### What you should do
When a record holds a picture, leave the picture out and copy everything else exactly.

### Given data
—————
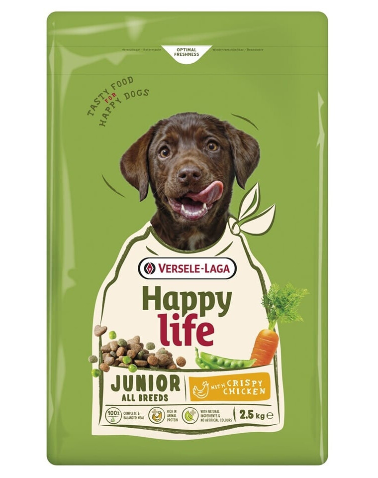 Koor Happy Life Junior Chicken on välja töötatud kutsikate ja noorte koerte vajaduste rahuldamiseks intensiivse kasvu perioodil. See on 100% täisväärtuslik ja tasakaalustatud retsept, mis pakub kõiki vajalikke toitaineid õige areng ja energiline elu.
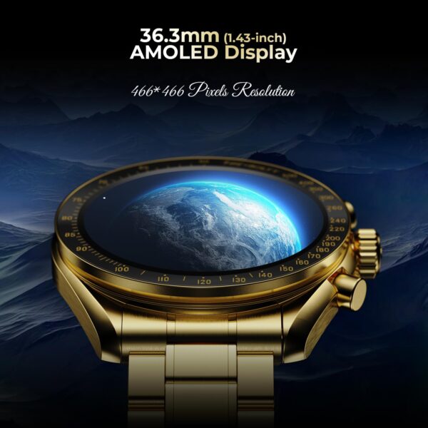 A Glimpse of Elegance: The Moonwatch Smartwatch presents a captivating 1.43-inch always-on round AMOLED display with a striking resolution of 466×466 pixels, offering a visually immersive experience that sets it apart from the crowd.
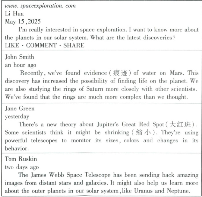 21.B【解析】根据“I’m really interested in space exploration.”可知,李华对宇宙探索感兴趣。故选B。
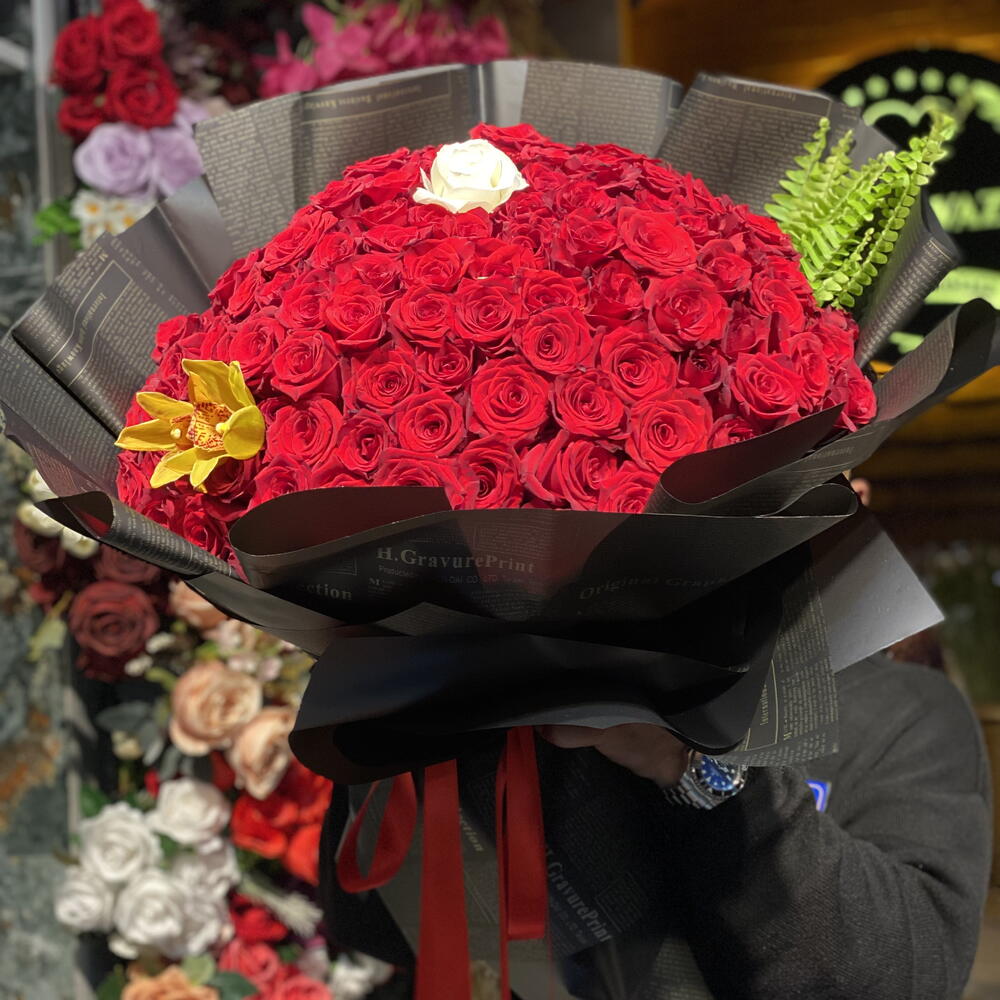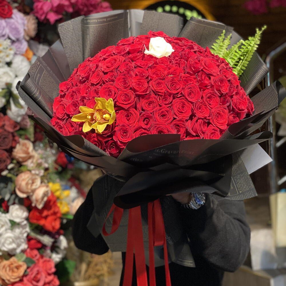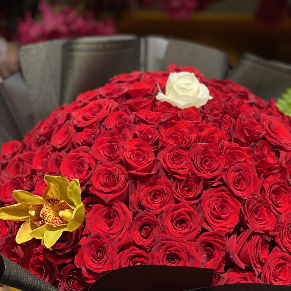 gül - 100 adet beyaz gül - 1 adet orkide - 1 adet
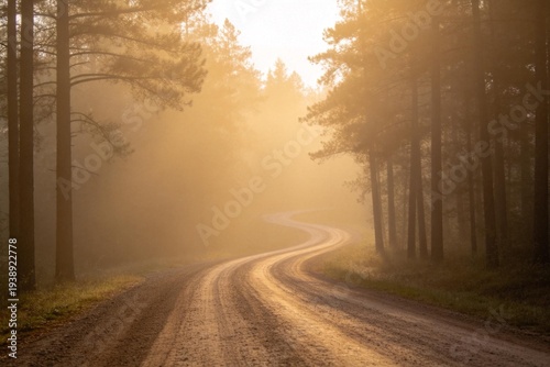 Winding dirt road in misty forest
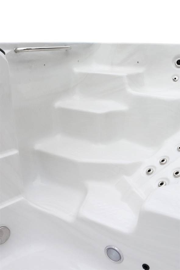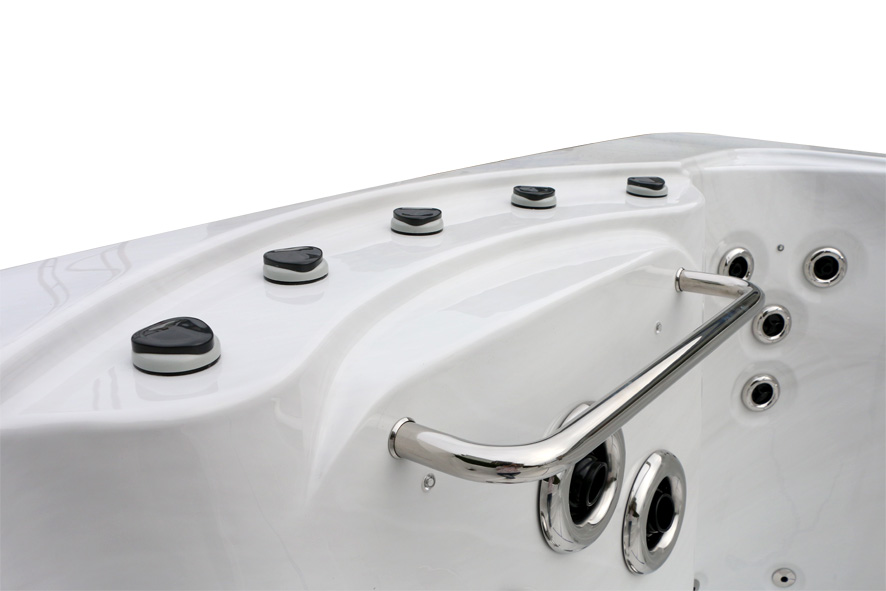 Прозрачный поручень из пищевого пластика обеспечивает дополнительную безопасность, а прочное дно из fiberglass гарантирует долговечность конструкции.
—————
### Final answer
 Koor Happy Life Junior Chicken on välja töötatud kutsikate ja noorte koerte vajaduste rahuldamiseks intensiivse kasvu perioodil. See on 100% täisväärtuslik ja tasakaalustatud retsept, mis pakub kõiki vajalikke toitaineid õige areng ja energiline elu.
 A Glimpse of Elegance: The Moonwatch Smartwatch presents a captivating 1.43-inch always-on round AMOLED display with a striking resolution of 466×466 pixels, offering a visually immersive experience that sets it apart from the crowd.
 21.B【解析】根据“I’m really interested in space exploration.”可知,李华对宇宙探索感兴趣。故选B。
 gül - 100 adet beyaz gül - 1 adet orkide - 1 adet
 Winding dirt road in misty forest
 Прозрачный поручень из пищевого пластика обеспечивает дополнительную безопасность, а прочное дно из fiberglass гарантирует долговечность конструкции.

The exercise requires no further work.